Ava Haidang requested to merge ava_haidang/ccs-proposals:RLCF into master

Aims/priorities: The Growing Great Ideas programme is part of the Regional Lottery Community Fund’s (RLCF) UK Portfolio,

The Growing Great Ideas programme will help organizations working together to test new ideas, new approaches that experiment with how to do things differently with a focus on supporting transformational and longer-term change.

Proposals need to:

Be about people, communities and organizations working together to further a mission or purpose that goes beyond anything a single project or organization can achieve alone.
Clearly demonstrate something transformational, alternative and able to challenge the current rules and create the conditions for change.

The funding can be used for a number of different things, including:

Staff salaries
Development work (testing new ways of working, staff training and development, developing governance, tech or IT upgrades/purchases, sharing learning)
Transport
Utilities/running costs
Volunteer expenses
Equipment
Capital costs (capital costs may be considered if it can be demonstrated how they can benefit the ecology in the longer term).

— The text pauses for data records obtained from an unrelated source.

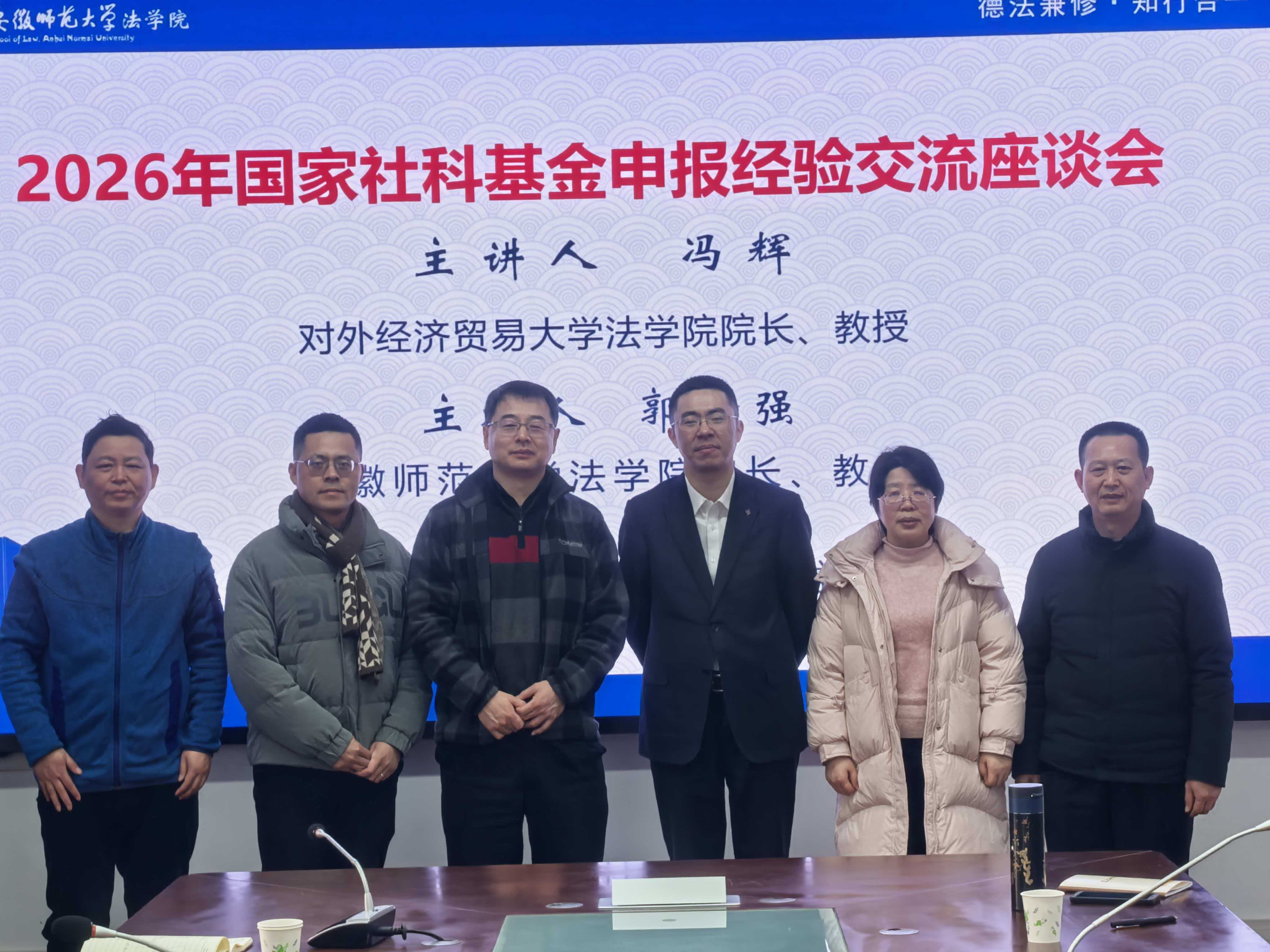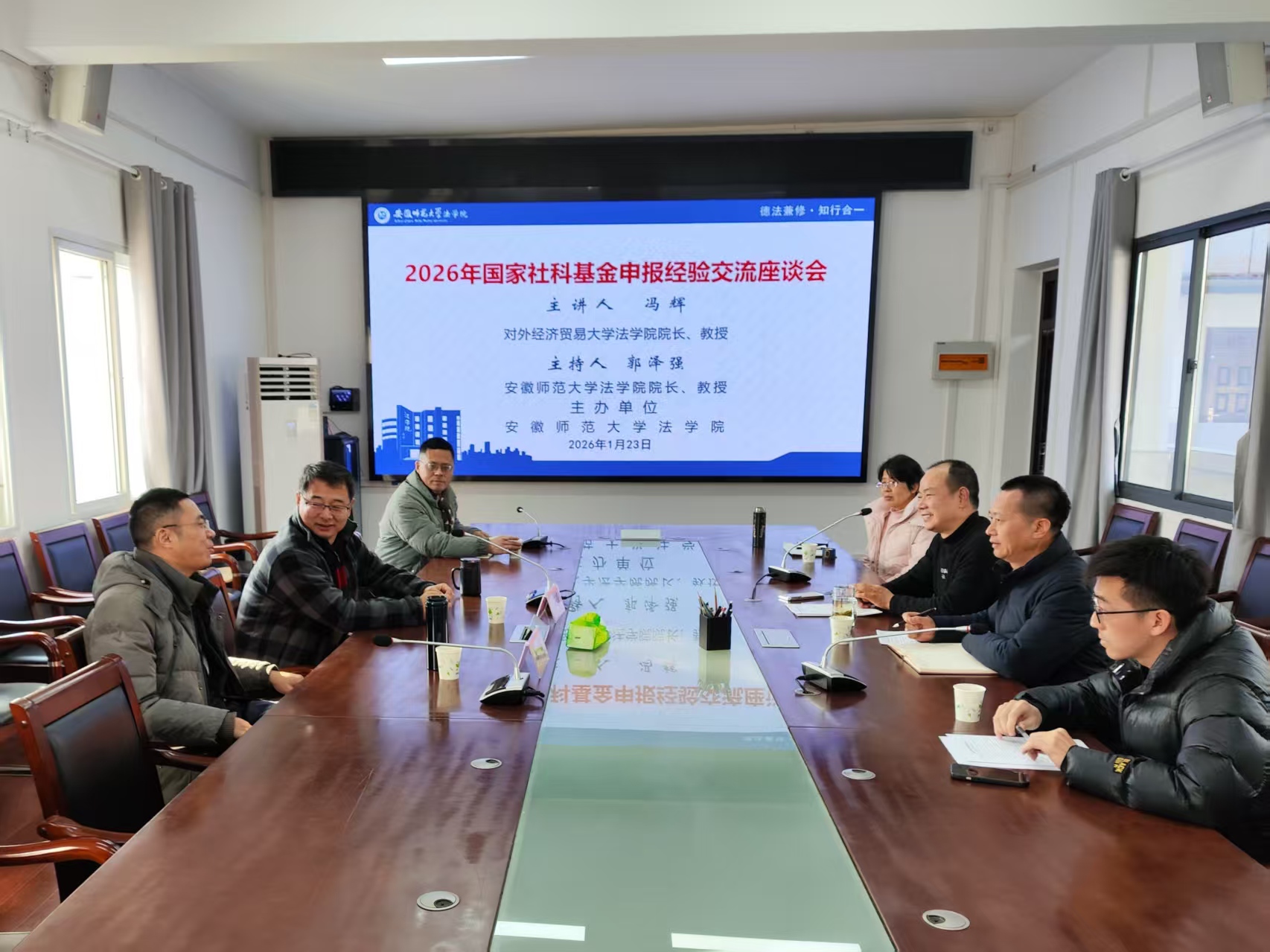 为提升学院教师国家社科基金项目申报质量,精准把握申报要点与技巧,助力教师成功立项,1 月 23 日下午,法学院在学院会议室举办“2026 年国家社科基金申报经验交流座谈会”。本次座谈会特邀对外经济贸易大学法学院院长、博士生导师冯辉教授担任主讲人,法学院院长郭泽强教授主持会议,学院拟申报 2026 年国家社科基金项目的教师参会交流。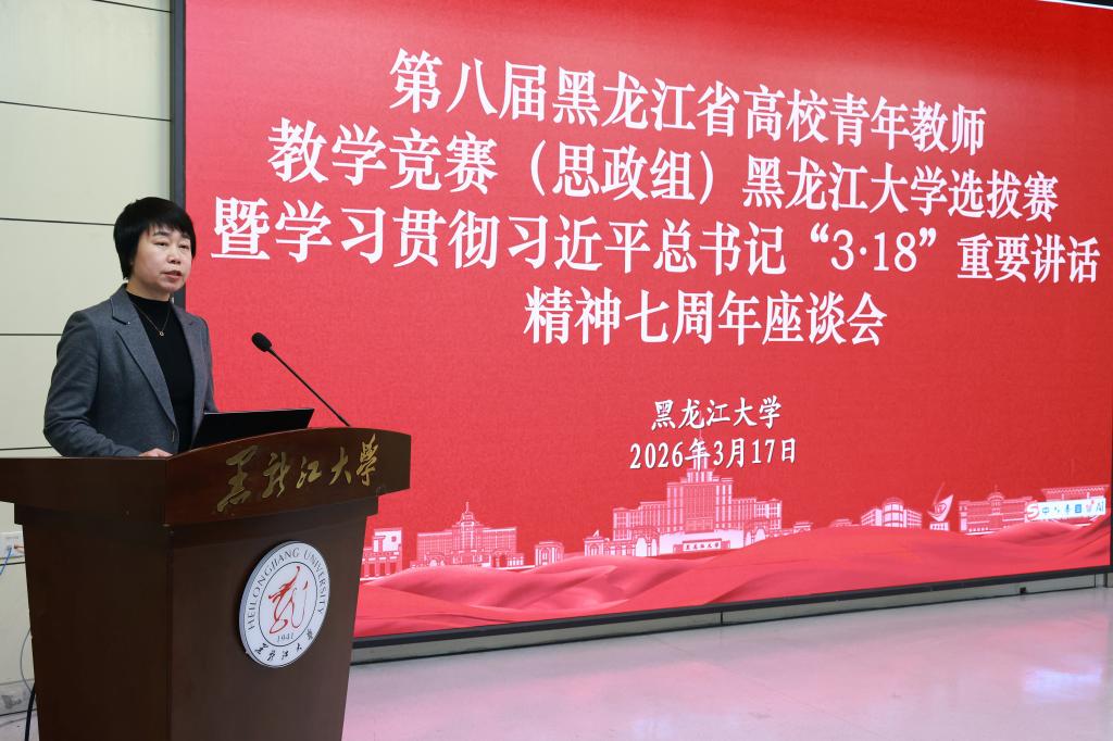 为深入贯彻落实习近平新时代中国特色社会主义思想,强化思政课教学改革创新,坚持以赛促练、以赛促建、以赛促改,值此习近平总书记“3·18”重要讲话发表七周年之际,3月17日,第八届省高校青年教师教学竞赛(思政组)黑龙江大学选拔赛在学校主楼A座226会议室举办。学校党委副书记刘凤影及相关部门负责人出席,本次大赛邀请黑龙江省思政课教指委专家担任专家评审。大赛由马克思主义学院党委书记张丹主持。
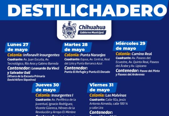 LocalEstará Destilichadero en cinco colonias del 27 al 31 de mayo.La redacción1 año ago25 mayo, 2024624Se pone a disposición de la población un contenedor en un punto fijo en un horario de 9:00 am a 3:00 pm de lunes a viernes.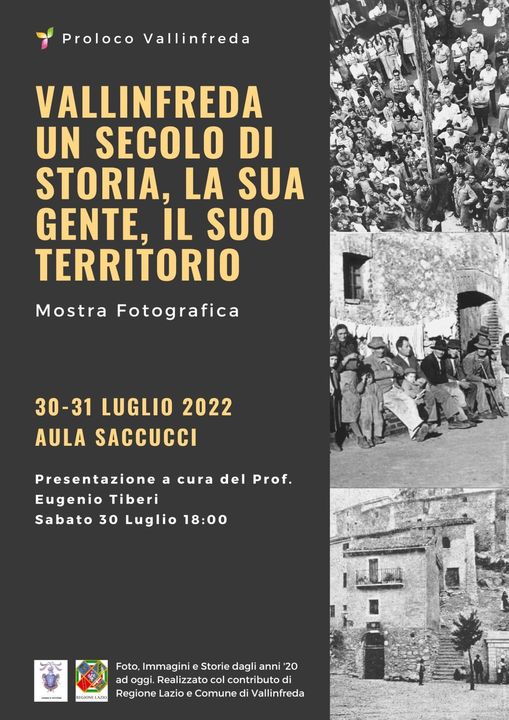 VALLINFREDA – L’appuntamento è per una duegiorni di grande interesse nel bel borgo della Valle Aniene. Sarà allestita una suggestiva Mostra Fotografica d’epoca con presentazione a cura del Prof. Eugenio Tiberi, una selezione di foto d’epoca che raccontano la storia e le persone della nostra comunità nel periodo tra gli anni ’20 e gli anni ’70 circa del secolo scorso.

The RLCF can also support organizations with funding over longer periods, potentially seven to ten years, depending on how long their idea might take to evolve.

At this early stage, RLCF is looking to fund things that may look quite different from each other but will likely have in common some of the following:

They are likely to be starting with a new philosophy, frame, logic or narrative that guides the work, like a new philosophy about how the economy could work or how society could be organized.
They consider equity in everything they do - equity for people and for the planet, ie initiatives that are creating new patterns of who has power and what is valued.
They will be generating an infrastructure through which many things are possible.
They can show that the things that are created underpin genuine transitions away from/towards the relevant focus.
They will be able to show that they have been consistently asking and exploring good questions about how things need to change in the present, and can imagine and articulate what alternatives looks like.
They will be operating from a set of principles that show how they will get there, even if they do not know what the final result might be (because it’s experimental).
They can show an ability to continually adapt as they go, ie invest in how people are inquiring.
They will be able to describe what progress looks like for their work, how they are committed to that progress, and to have some ideas about how they will measure and show progress.
There is momentum to what they are doing. They can point to how they are making ripples as they have been growing and deepening their work, and show that they are attracting others to it.
They are unlikely to be a single organization or project, already working with multiple partners and enmeshed in many relationships. They can also show that they’ve had real engagement with other parts of the landscape that are key to things being different.